La Cour de cassation renforce la protection des femmes enceintes en période d'essai
La Cour de cassation a réaffirmé avec force un principe fondamental du droit du travail : lorsqu'un employeur met fin à une période d'essai après avoir été informé de la grossesse d'une salariée, il doit impérativement justifier sa décision par des éléments totalement étrangers à cet état. Cette position jurisprudentielle vient clarifier les obligations des entreprises face à des situations potentiellement discriminatoires.
Un cas concret illustrant les tensions juridiques
Un litige récent a mis en lumière les difficultés d'application de ce principe. Une femme embauchée en CDI avec une période d'essai renouvelée annonce à son employeur sa grossesse gémellaire. Peu après cette annonce, ses conditions de travail se modifient sensiblement : sa chef n'est plus sa référente directe, remplacée par un homme qui émet des critiques répétées sur son travail. Quelques jours avant la fin de sa période d'essai, elle apprend sa rupture.
Initialement, le conseil de prud'hommes puis la cour d'appel ont donné raison à l'employeur, estimant que ce dernier n'avait pas à justifier les raisons de la rupture d'une période d'essai et que la salariée n'apportait pas d'éléments suffisants pour prouver une discrimination. Cependant, la Cour de cassation a renvoyé l'affaire devant une cour d'appel autrement composée, soulignant la nécessité d'un réexamen approfondi.
Le cadre juridique national et européen
Cette décision s'inscrit dans un cadre juridique bien établi. Au niveau national comme européen, il est strictement interdit de licencier une femme enceinte, sauf si l'employeur peut démontrer un motif totalement indépendant de la grossesse. Cette protection vise à garantir l'égalité professionnelle et à préserver la santé des femmes enceintes, qui pourraient sinon être poussées à des décisions extrêmes.

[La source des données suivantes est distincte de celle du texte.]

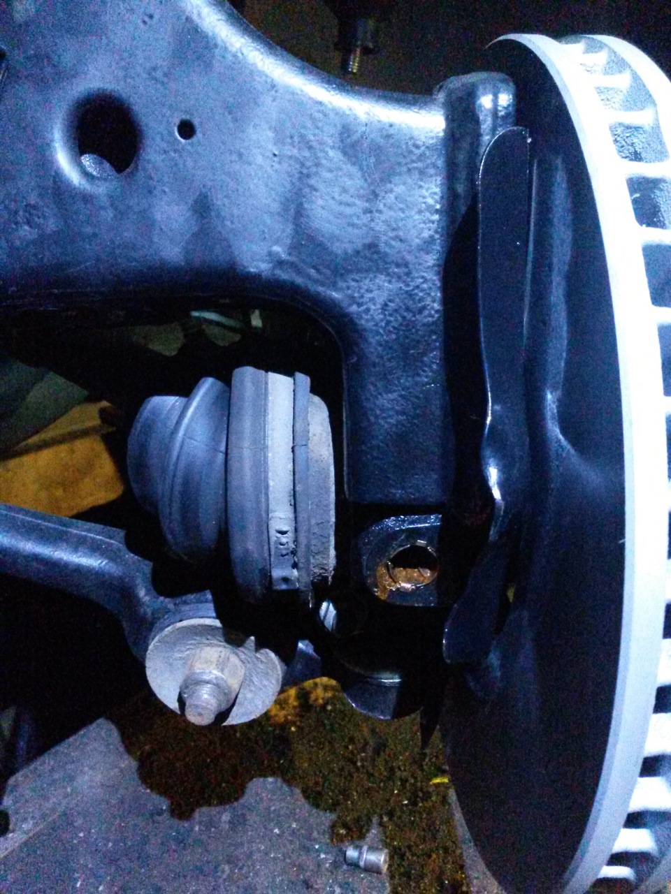 Теперь можно снимать суппорт и временно вешать его на крюк, либо на рулевую тягу, либо на скобу которая держит нижнюю часть крыла. Выворачивается стойка наружу, и откручиваются два болта VAG N 907 085 02 которые его крепят. Болты там правильные, под гаечный ключ или головку, с ними проблем никогда не было, не то что сзади :)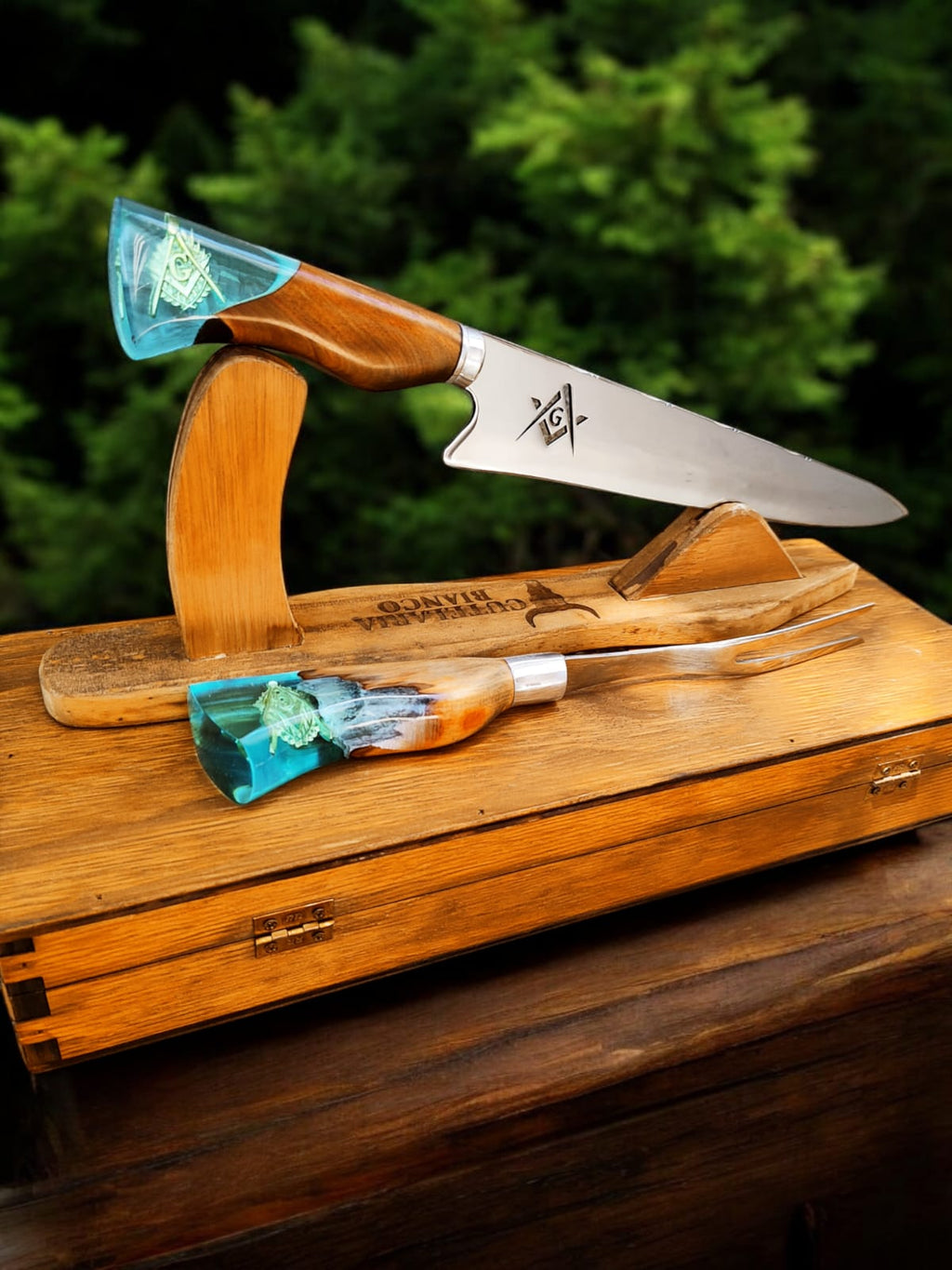 Kit churrasqueiro Ser Maçom da Cutelaria Bianco é feito especialmente para você mestre churrasqueiro que procura sofisticação, praticidade e qualidade na hora de fazer o teu churrasco ENTRE COLUNAS.

Un magistrat du parquet de la Cour de cassation précise : « La Cour européenne des droits de l'homme relie cette protection au principe d'égalité de traitement. Dans les faits, selon l'enquête périnatale 2016, une femme sur dix a perdu ou quitté son emploi en cours de grossesse, ce qui souligne l'importance de ces garanties juridiques. »
Des précédents jurisprudentiels divergents
La jurisprudence montre des variations significatives dans l'application de ces principes :
- Dans certaines affaires, des cours d'appel ont jugé nulle la rupture d'une période d'essai lorsque l'employeur ne parvenait pas à démontrer l'absence de lien avec la grossesse.
- Dans d'autres cas, comme celui évoqué précédemment, les juges ont initialement estimé que la charge de la preuve incombait principalement à la salariée.
La position ferme de la Cour de cassation vise à harmoniser ces interprétations et à renforcer la protection des droits des femmes enceintes dans le monde professionnel.
Les implications pratiques pour les employeurs
Cette décision a des conséquences concrètes importantes :
- Les employeurs doivent désormais documenter scrupuleusement les raisons de toute rupture de période d'essai intervenant après l'annonce d'une grossesse.
- Ils doivent s'assurer que ces motifs sont objectifs, vérifiables et totalement indépendants de l'état de grossesse.
- En cas de litige, c'est à l'employeur de prouver l'absence de discrimination, et non à la salariée d'en démontrer l'existence.
Cette évolution jurisprudentielle marque un renforcement significatif de la protection des femmes enceintes contre les discriminations potentielles lors des périodes d'essai, alignant davantage la pratique française sur les standards européens en matière d'égalité professionnelle.